Tyler Durden writing for Seeking Alpha lays out the case in 8 logical steps. Better yet, in the comments section he gives insight into the mind of a true capitalist. The "non-recourse nature" he speaks of means that once the public/private entity buys an asset from a bank, the private investor has control of the asset.

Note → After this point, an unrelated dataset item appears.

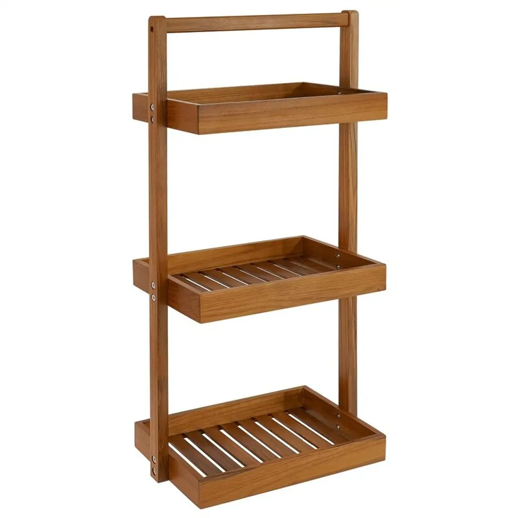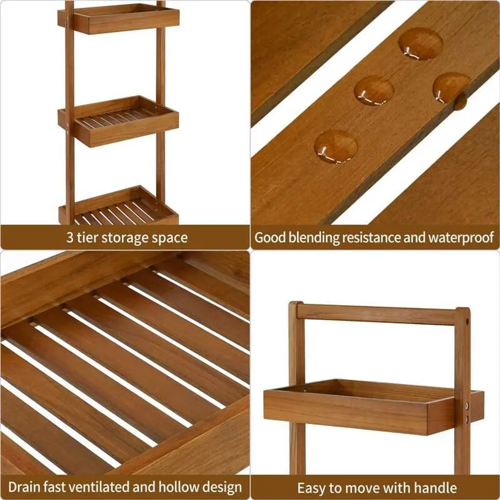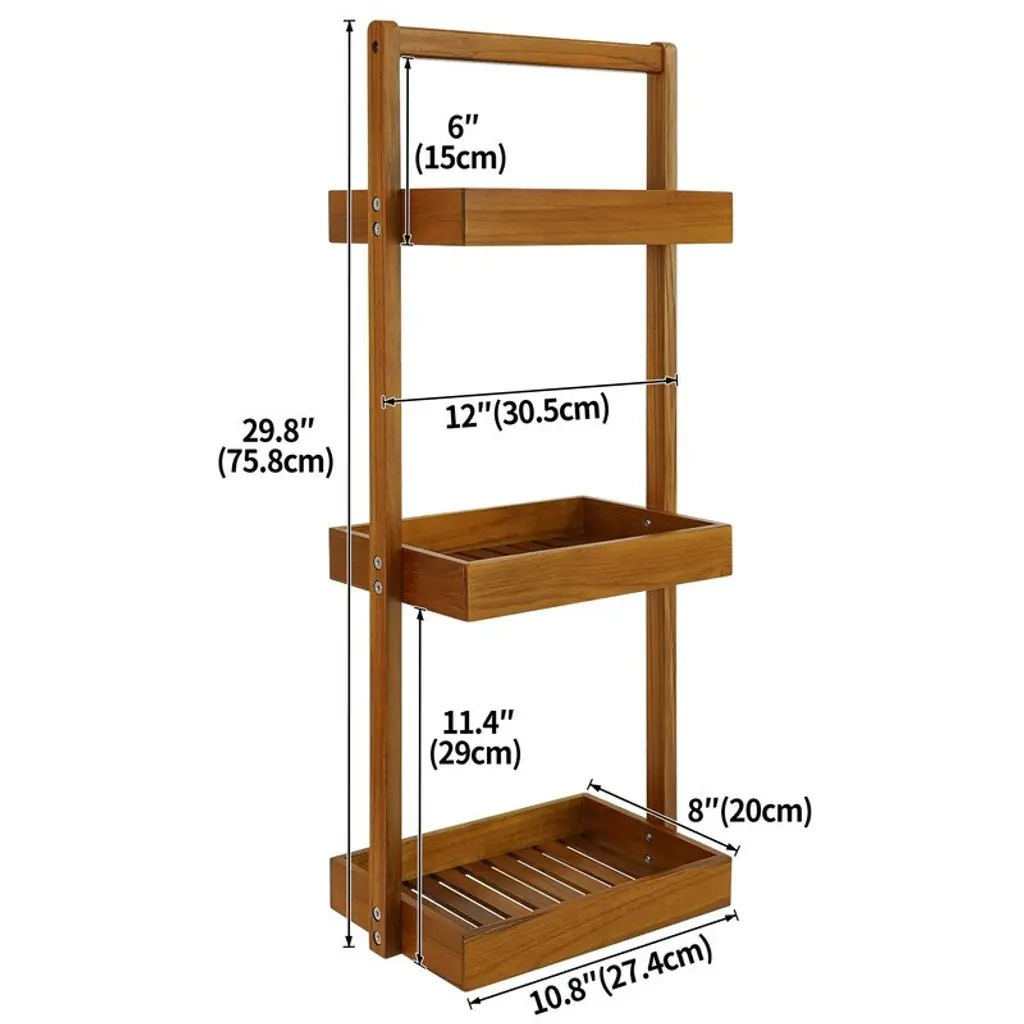 Teak Wood Compact Design: 3 Tier bathroom shower caddy measures H29.8" x L12" x W10" (H75.8 x L30.5x W25.4cm), the bottom floor of the shower caddies has been upgraded, the width is 2 inches wider than before, enlarged and more stable than the original. 3 tier shelves stacked in a compact vertical format to ample space to store all your toiletries in one convenient location. Say goodbye to cluttered bathroom and hello to a more organized and beautiful bathroom with our 3-tier shower caddy. Multi-Purpose: The drain fast ventilated and hollow design of the shower rack, this is a great place for your shampoo; store towels, hand lotion, bath salts, toilet paper and bar soap, you can arrange your shower essentials neatly and elegantly for easy access anytime. Solutions for Corners: Use the shower shelf organizer to hold bath accessories, perfect for shower corner it will not take up too much space, also fit to storage fruits, and vegetables in your kitchen. The teak wood shower caddy isn't just a functional product, it's also a stylish addition to any bathroom and complement your deco. Durable Material: The standing shower caddy made of grade A teak, color darkens as it ages. The longer, the more beautiful it will be. Teak wood hardness is higher than bamboo, so that the product is more solid, improve the bearing capacity, smooth surface is easy to clean care, long-term use can also keep new.

Posted by Tyler Durden at 2:14 AM
The greatest bait and switch of this generation in all its visual splendor. As a result of the TALF's non-recourse nature, a hedge fund X can buy Bank X's MBS Portfolio which is marked on the bank's books at 80 cents on the dollar (but has a market price of 20 cents) for the marked price with a 3% equity check and TALF filling the balance. A day later, Bank X repurchases the portfolio from hedge fund X at the 20 cent market price, pays a $5 million fee for the "trouble" and waits for the portfolio to appreciate to 50 cents on the dollar by 2014. Hedge fund X takes a 75% loss on its nominal equity stake but more than makes up in transaction fees. The TALF portion takes a 75% loss with no recourse and no margin to fall back on.
As a result Bank X takes no writedown now, and in 5 years may book an equity profit of as much as $25 million (net of transaction fees paid to the Hedge Fund X), while Hedge Fund X books a profit of $3.2 million for one day's work...
Lastly the U.S. taxpayer loses $54.3 million on a $77.6 million TALF Investment, or 70% (net of 5 years of interest income).
Note: the maximum TALF size is $1 trillion. Will U.S. taxpayers suffer $700 billion in losses from the TALF? Ask your congressman.
And if you want to know why government intervention never works as advertised, or how the rich get richer, ask someone who stays up 'til 2 in the morning figuring out how to make $3 million a day.